Hence, the bias is equal to zero if the right side of equation A2.1 is equal to zero.

APPENDIX 3

For models not estimating the intercept with a numerical response below dl rather than “ND,” first define a substitution of observed z,

\[z{^\prime}_{i}(a){=}z_{i}{\,}I{\{}z_{i}{\geq}dl{^\prime}{\}}{+}a{\,}I{\{}z_{i}{<}dl{^\prime}{\}},{\ }\mathrm{for}{\,}i{=}1,{\,}{\ldots},{\,}n,\]

where dl′ is the fixed detection limit. The bias of the least-squares estimator is given by

\[{\hat{B}}_{n}{=}\mathrm{{\beta}}\frac{{\sum}_{i{=}1}^{n}(x_{i}{-}z{^\prime}_{i})z{^\prime}_{i}}{{\sum}_{i{=}1}^{n}(z{^\prime}_{i})^{2}}.\]

In this case, bias

\({\hat{B}}_{n}\)

is asymptotically close to zero if a and d′ are solutions of the equation,

\[E(z{^\prime}_{1}x_{1}){-}E(z{^\prime}_{1})^{2}{=}0.\]

Solving equation A3.3 requires that the distribution functions of x_i, η_i, and ξ be assumed, which may be performed numerically by grid searching a and dl′ such that the left side of equation A3.3 is approximately equal to zero.

When the density function of regression error is known and well behaved, then we may consider maximum likelihood estimation of β,

\[\mathrm{{\hat{{\beta}}}}_{n}{=}\mathrm{arg}{\ }{\mathrm{max}_{b}}{{\prod}_{i{=}1}^{n}}f_{\mathrm{{\varepsilon}}}(Y_{i}{-}bz{^\prime}_{i}),\]

and the consideration of bias reduction from conditions 1A and 1B is similarly relevant here.

To address a numerical response below dl when estimating the intercept, we use the replacement defined in appendix equation A3.1. Using the proposed method, in the case where the distributions of all random variables in equation 1 are known, we obtain the unbiased least-square estimator of parameter β based upon the sample {Y, z′} by applying a and d′ such that

\[E[z{^\prime}(x{-}E(x)]{-}E[z{^\prime}{-}E(z{^\prime})]^{2}{=}0.\]

APPENDIX 4

Note that, asymptotically, by the definition of least-squares slope parameter estimators under the detection limit problem (e.g., equation A1.2), we attain

\(E\mathrm{{\hat{{\beta}}}}_{n}{\rightarrow}\mathrm{{\lambda}{\beta}},\)

where

\(\mathrm{{\lambda}}{=}\frac{\mathrm{cov}(x,{\,}z{^\prime})}{\mathrm{var}(z{^\prime})}.\)

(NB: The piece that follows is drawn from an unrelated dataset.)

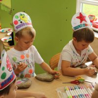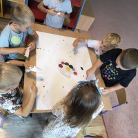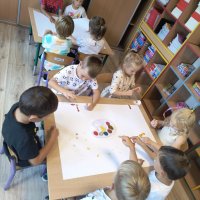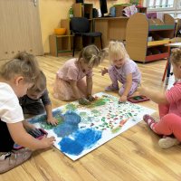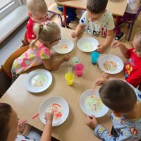 W części plastycznej przedszkolaki tworzyły własne dzieła sztuki z kropek- malowały, wyklejały, stemplowały .

This form is similar to an asymptotic property of the ordinary least-squares estimator of the parameters from linear regression with additive measurement error (7).

APPENDIX 5

The logistic regression model with exposure measurement error is given by

\[P(Y_{i}{=}1{\vert}x_{i}){=}(1{+}e^{{-}\mathrm{{\beta}}z_{i}})^{{-}1},\]

\[z_{i}{=}(x_{i}{+}\mathrm{{\eta}}_{i})I{\{}x_{i}{+}\mathrm{{\eta}}_{i}{\geq}d{\}}{+}\mathrm{{\xi}}_{i}{\,}I{\{}x_{i}{+}\mathrm{{\eta}}_{i}{<}d{\}},{\ }i{=}1,{\,}{\ldots},{\,}n,\]

where Y_i, i = 1, …, n are Bernoulli variates whose exact distribution depends on the predictor x_i. Let x_i + η_i be observed if x_i + η_i ≥ d ; hence, we assume a substitution of observed z_i by

\(z{^\prime}_{i}{=}(x_{i}{+}\mathrm{{\eta}}_{i}){\,}I{\{}x_{i}{+}\mathrm{{\eta}}_{i}{\geq}d{\}}{+}a{\,}I{\{}x_{i}{+}\mathrm{{\eta}}_{i}{<}d{\}},{\,}i{=}1,{\ldots},n.\)

Applying the maximum likelihood method, we obtain the estimator of β by solving the following:

\[{{\sum}_{i{=}1}^{n}}z{^\prime}_{i}\left(Y_{i}{-}\frac{e^{\mathrm{{\hat{{\beta}}}}_{n}z{^\prime}_{i}}}{1{+}e^{{\hat{{\beta}}}_{n}z{^\prime}_{i}}}\right){=}0.\]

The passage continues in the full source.